Data supplied –

※ ※ ※

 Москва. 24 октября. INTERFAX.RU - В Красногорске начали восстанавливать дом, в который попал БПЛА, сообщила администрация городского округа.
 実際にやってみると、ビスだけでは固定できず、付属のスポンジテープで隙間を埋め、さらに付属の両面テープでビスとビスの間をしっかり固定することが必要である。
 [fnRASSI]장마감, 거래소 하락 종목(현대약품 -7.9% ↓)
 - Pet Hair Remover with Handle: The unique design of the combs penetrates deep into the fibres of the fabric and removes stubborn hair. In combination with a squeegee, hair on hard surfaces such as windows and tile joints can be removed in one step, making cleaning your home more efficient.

※ ※ ※

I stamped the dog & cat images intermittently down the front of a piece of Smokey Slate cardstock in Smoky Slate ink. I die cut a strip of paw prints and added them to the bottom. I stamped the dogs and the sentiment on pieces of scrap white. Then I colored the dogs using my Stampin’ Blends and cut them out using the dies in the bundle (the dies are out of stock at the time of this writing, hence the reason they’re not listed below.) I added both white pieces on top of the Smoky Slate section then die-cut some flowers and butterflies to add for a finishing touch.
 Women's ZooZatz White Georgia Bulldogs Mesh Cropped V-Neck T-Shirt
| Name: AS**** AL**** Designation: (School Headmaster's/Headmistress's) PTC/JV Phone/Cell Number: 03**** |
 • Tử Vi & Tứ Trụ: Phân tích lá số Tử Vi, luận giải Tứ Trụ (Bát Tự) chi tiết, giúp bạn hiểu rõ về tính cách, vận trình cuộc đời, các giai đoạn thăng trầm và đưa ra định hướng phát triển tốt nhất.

※ ※ ※

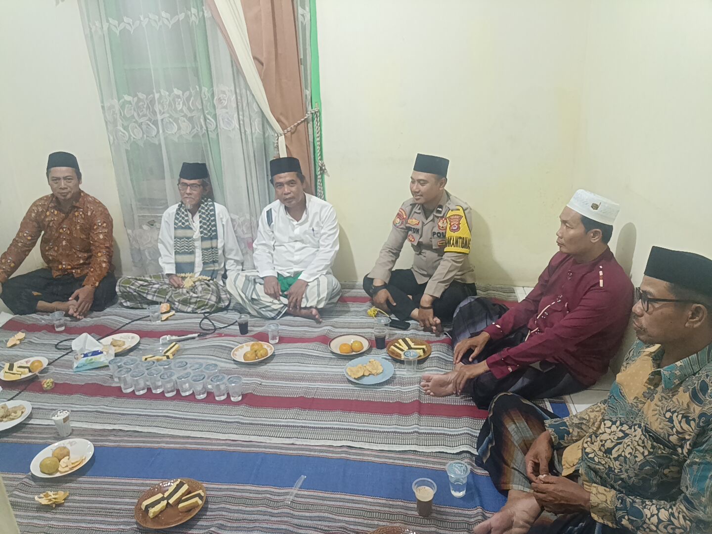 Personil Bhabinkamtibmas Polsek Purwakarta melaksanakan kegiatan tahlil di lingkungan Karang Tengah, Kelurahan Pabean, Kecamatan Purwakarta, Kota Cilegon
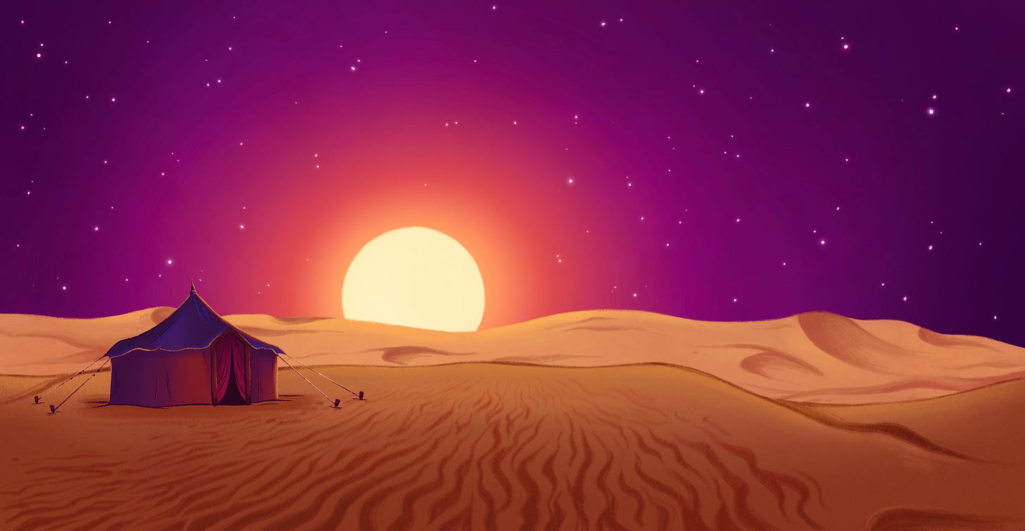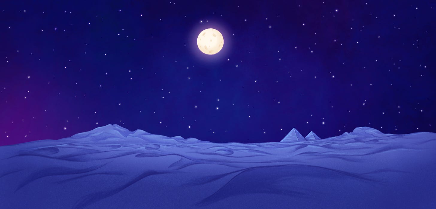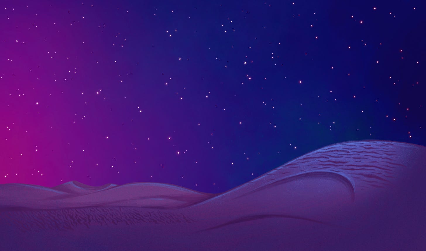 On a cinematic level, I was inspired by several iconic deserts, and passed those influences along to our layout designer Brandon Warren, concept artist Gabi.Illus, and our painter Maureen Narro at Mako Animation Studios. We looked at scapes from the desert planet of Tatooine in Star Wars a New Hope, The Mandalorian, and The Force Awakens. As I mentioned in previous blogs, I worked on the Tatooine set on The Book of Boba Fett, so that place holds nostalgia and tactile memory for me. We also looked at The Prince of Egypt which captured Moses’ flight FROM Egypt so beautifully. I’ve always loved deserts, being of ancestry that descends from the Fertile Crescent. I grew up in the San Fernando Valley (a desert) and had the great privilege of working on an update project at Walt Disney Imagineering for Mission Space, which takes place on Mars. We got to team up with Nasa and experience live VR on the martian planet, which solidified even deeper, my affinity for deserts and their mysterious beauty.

※ ※ ※

Instructions for the task –
Scan the listing above for the line that has "Москва. 24 октября.", then copy exactly from that line through the line that has "[fnRASSI]장마감, 거래소 하락 종목(현대약품 -7.9% ↓)".

Final answer –
 Москва. 24 октября. INTERFAX.RU - В Красногорске начали восстанавливать дом, в который попал БПЛА, сообщила администрация городского округа.
 実際にやってみると、ビスだけでは固定できず、付属のスポンジテープで隙間を埋め、さらに付属の両面テープでビスとビスの間をしっかり固定することが必要である。
 [fnRASSI]장마감, 거래소 하락 종목(현대약품 -7.9% ↓)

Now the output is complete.